EXERCISE AIM: Using the data below, output a verbatim copy of the lines between the one holding "الغاء كتاب تشكيل" and the one holding "Members of Karnataka", inclusive, without any pictures.

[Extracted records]
○ ○ ○ ○

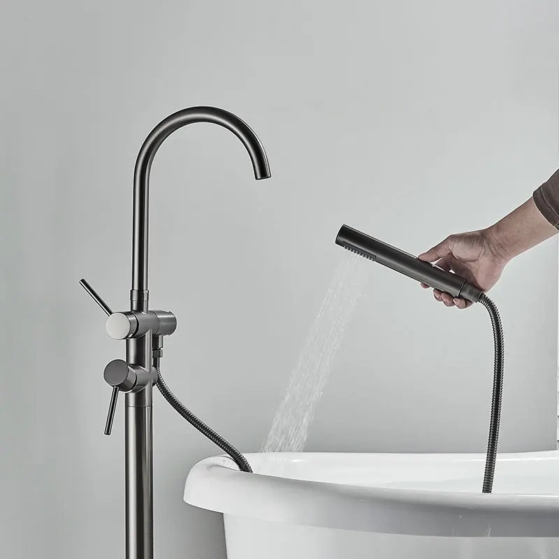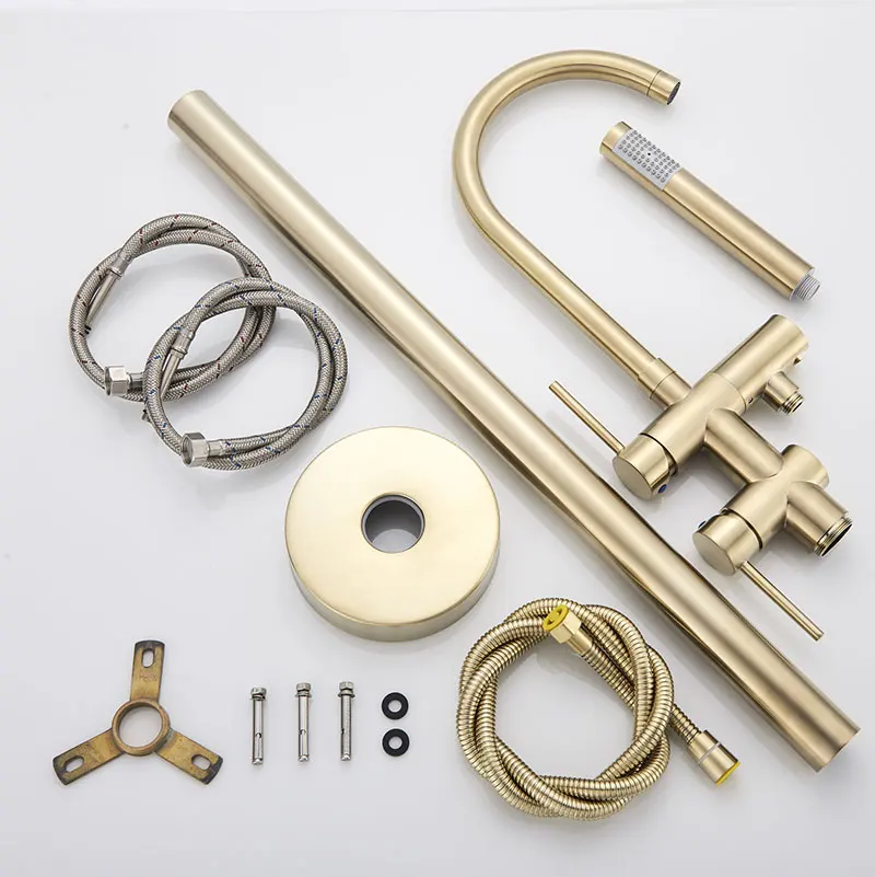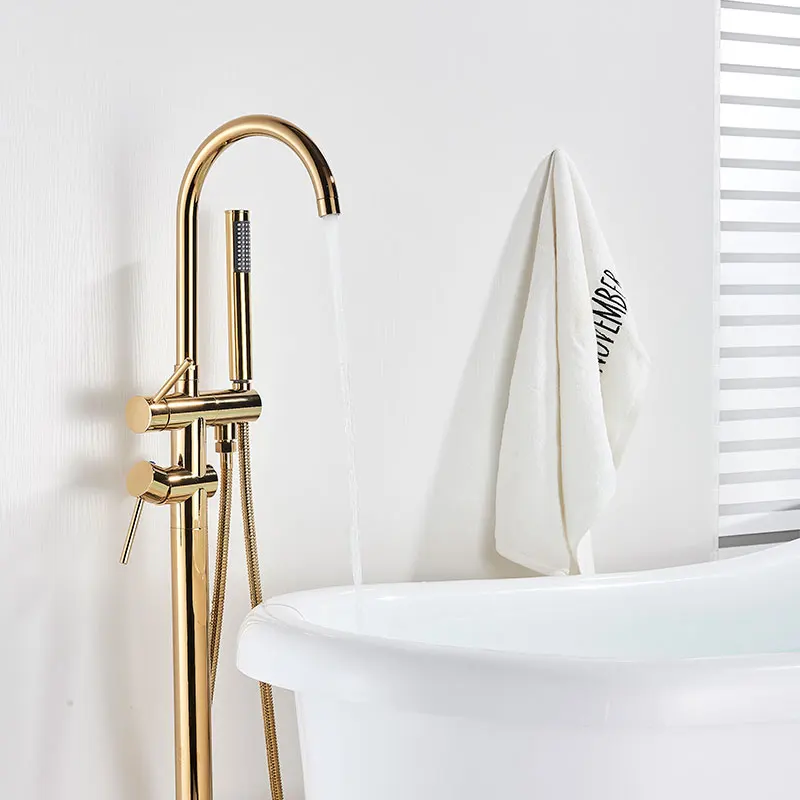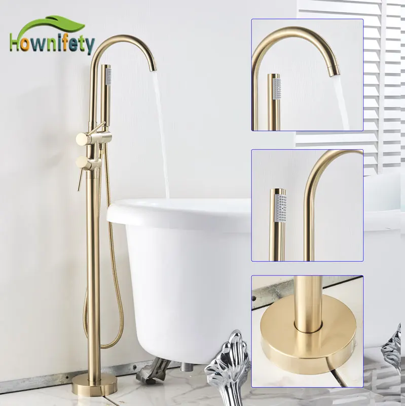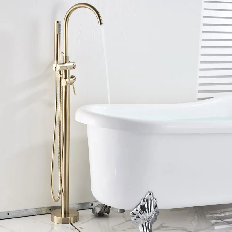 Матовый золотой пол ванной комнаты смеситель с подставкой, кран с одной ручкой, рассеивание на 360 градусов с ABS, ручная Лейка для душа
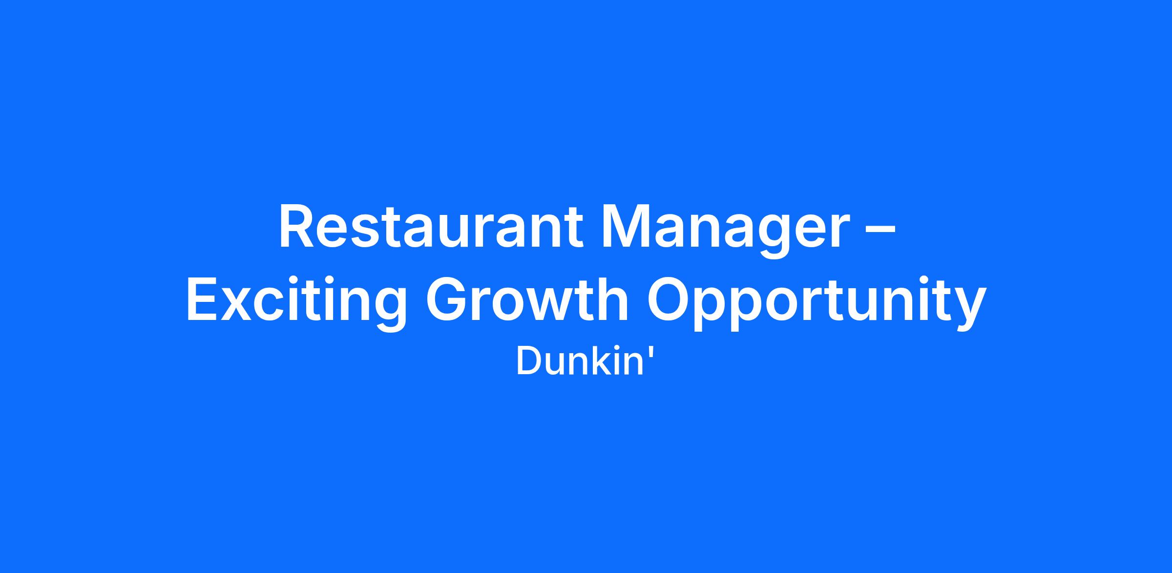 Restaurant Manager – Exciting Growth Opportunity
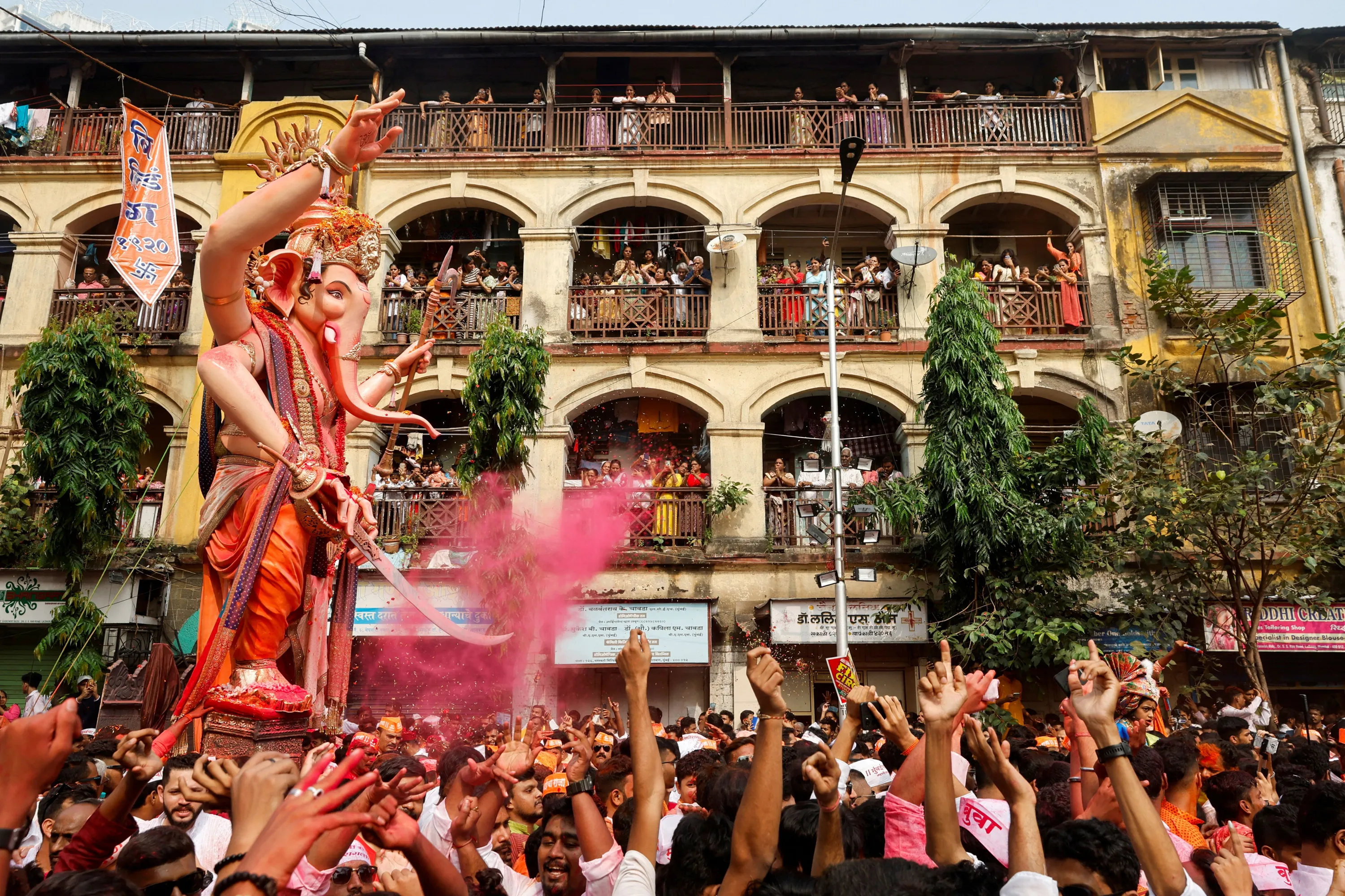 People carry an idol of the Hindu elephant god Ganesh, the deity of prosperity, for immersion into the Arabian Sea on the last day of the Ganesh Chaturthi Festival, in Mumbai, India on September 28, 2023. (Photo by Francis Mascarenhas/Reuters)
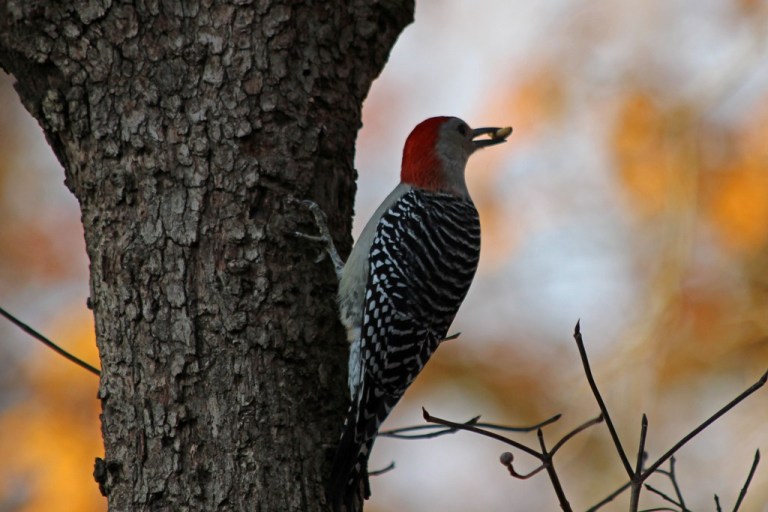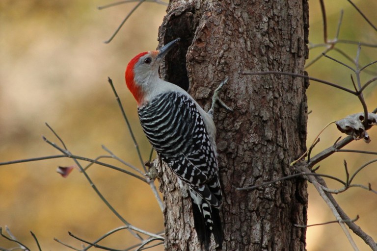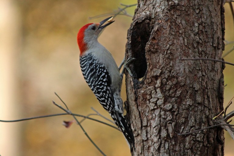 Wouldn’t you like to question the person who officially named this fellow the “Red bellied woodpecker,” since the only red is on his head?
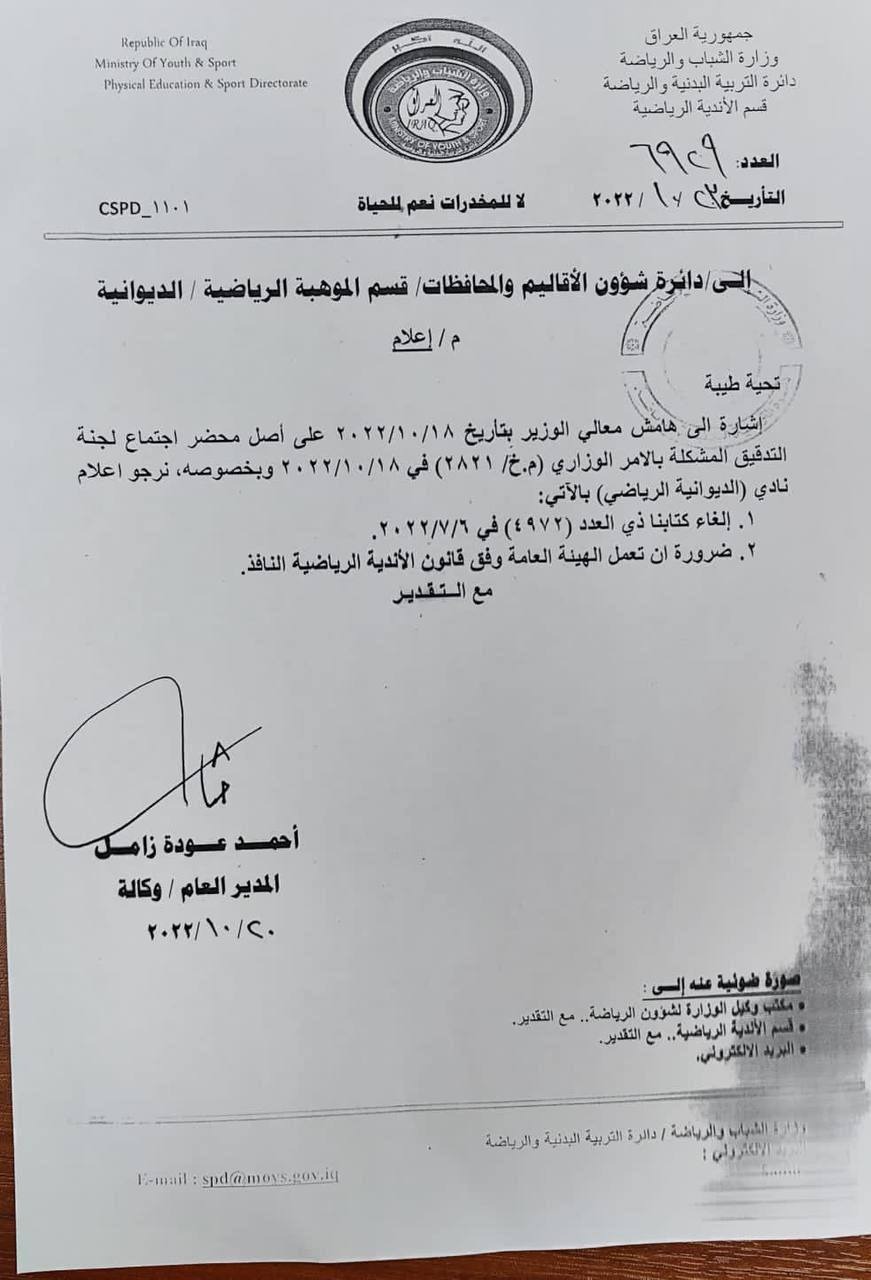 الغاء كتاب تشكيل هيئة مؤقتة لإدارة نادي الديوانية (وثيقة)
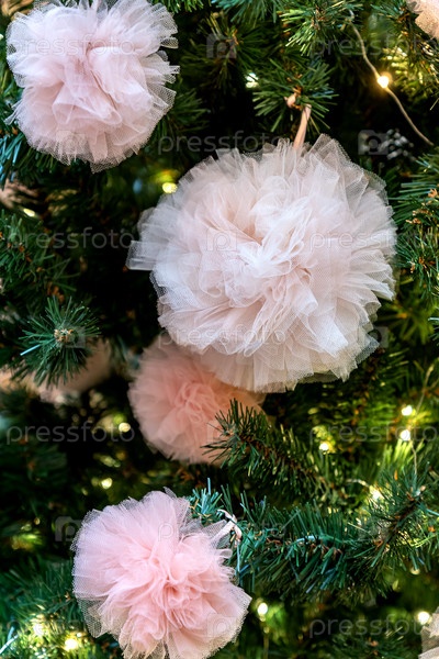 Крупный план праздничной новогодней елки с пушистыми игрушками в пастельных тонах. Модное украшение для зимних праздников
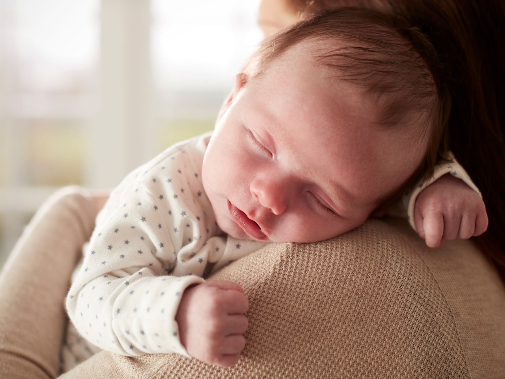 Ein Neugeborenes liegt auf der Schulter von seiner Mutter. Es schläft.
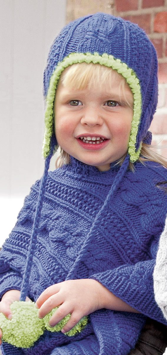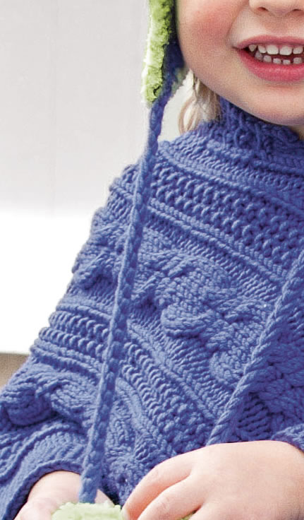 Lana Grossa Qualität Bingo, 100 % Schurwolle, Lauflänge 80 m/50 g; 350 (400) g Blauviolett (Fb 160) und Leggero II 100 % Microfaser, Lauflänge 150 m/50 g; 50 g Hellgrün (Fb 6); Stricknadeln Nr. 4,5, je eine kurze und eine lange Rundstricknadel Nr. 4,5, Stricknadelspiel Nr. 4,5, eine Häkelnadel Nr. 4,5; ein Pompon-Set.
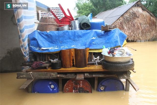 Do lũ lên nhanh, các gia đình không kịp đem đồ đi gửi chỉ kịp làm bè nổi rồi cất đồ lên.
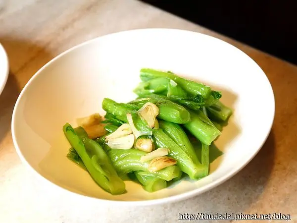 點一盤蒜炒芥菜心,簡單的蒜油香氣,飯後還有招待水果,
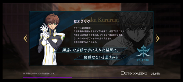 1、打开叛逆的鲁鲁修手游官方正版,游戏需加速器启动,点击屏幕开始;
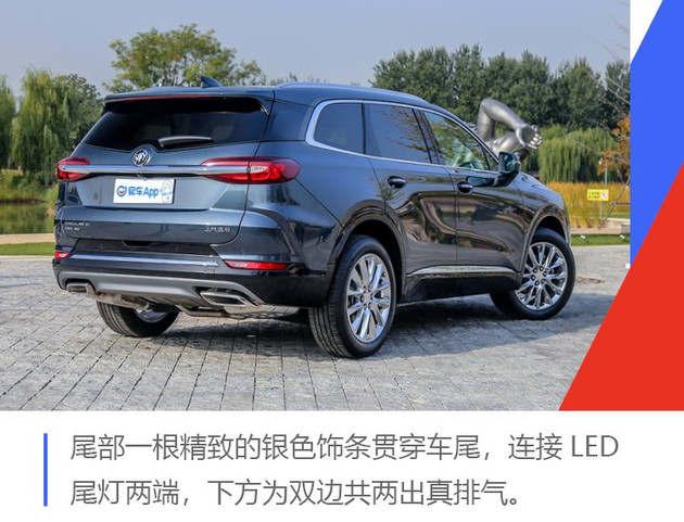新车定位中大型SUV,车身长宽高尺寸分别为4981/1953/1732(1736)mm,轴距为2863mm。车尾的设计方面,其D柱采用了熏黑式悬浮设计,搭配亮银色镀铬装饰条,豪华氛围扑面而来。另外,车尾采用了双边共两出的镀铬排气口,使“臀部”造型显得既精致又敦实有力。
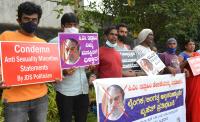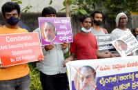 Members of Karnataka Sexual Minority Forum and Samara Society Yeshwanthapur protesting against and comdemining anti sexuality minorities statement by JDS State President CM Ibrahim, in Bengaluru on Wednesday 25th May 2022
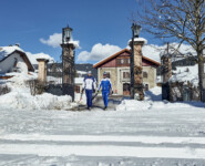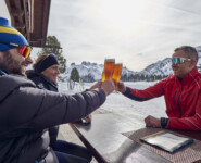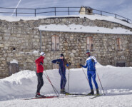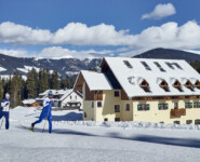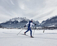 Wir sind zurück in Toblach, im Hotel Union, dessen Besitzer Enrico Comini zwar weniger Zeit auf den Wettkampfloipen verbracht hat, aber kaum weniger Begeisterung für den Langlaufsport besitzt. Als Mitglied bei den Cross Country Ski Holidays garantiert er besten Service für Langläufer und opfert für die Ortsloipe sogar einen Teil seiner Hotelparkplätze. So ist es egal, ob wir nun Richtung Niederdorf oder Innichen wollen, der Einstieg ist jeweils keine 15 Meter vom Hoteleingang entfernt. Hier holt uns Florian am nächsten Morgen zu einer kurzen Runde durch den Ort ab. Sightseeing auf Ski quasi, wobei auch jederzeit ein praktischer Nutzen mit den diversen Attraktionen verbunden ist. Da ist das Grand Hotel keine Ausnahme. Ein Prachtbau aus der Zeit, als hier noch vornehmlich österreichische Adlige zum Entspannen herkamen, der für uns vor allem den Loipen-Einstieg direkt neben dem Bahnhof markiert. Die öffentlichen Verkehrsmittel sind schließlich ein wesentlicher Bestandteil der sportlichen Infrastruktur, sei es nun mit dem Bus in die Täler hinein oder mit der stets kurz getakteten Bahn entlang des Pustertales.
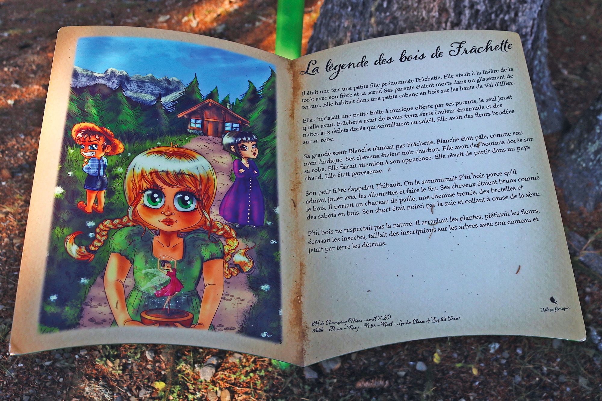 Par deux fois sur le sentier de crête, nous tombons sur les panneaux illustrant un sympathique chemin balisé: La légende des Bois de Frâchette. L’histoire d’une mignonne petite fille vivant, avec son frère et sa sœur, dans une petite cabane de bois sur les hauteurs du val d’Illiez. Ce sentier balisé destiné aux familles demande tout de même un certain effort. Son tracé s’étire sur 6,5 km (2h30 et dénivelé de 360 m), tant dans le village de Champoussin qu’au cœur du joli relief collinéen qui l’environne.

○ ○ ○ ○

SOLUTION:
 الغاء كتاب تشكيل هيئة مؤقتة لإدارة نادي الديوانية (وثيقة)
 Крупный план праздничной новогодней елки с пушистыми игрушками в пастельных тонах. Модное украшение для зимних праздников
 Ein Neugeborenes liegt auf der Schulter von seiner Mutter. Es schläft.
 Lana Grossa Qualität Bingo, 100 % Schurwolle, Lauflänge 80 m/50 g; 350 (400) g Blauviolett (Fb 160) und Leggero II 100 % Microfaser, Lauflänge 150 m/50 g; 50 g Hellgrün (Fb 6); Stricknadeln Nr. 4,5, je eine kurze und eine lange Rundstricknadel Nr. 4,5, Stricknadelspiel Nr. 4,5, eine Häkelnadel Nr. 4,5; ein Pompon-Set.
 Do lũ lên nhanh, các gia đình không kịp đem đồ đi gửi chỉ kịp làm bè nổi rồi cất đồ lên.
 點一盤蒜炒芥菜心,簡單的蒜油香氣,飯後還有招待水果,
 1、打开叛逆的鲁鲁修手游官方正版,游戏需加速器启动,点击屏幕开始;
新车定位中大型SUV,车身长宽高尺寸分别为4981/1953/1732(1736)mm,轴距为2863mm。车尾的设计方面,其D柱采用了熏黑式悬浮设计,搭配亮银色镀铬装饰条,豪华氛围扑面而来。另外,车尾采用了双边共两出的镀铬排气口,使“臀部”造型显得既精致又敦实有力。
 Members of Karnataka Sexual Minority Forum and Samara Society Yeshwanthapur protesting against and comdemining anti sexuality minorities statement by JDS State President CM Ibrahim, in Bengaluru on Wednesday 25th May 2022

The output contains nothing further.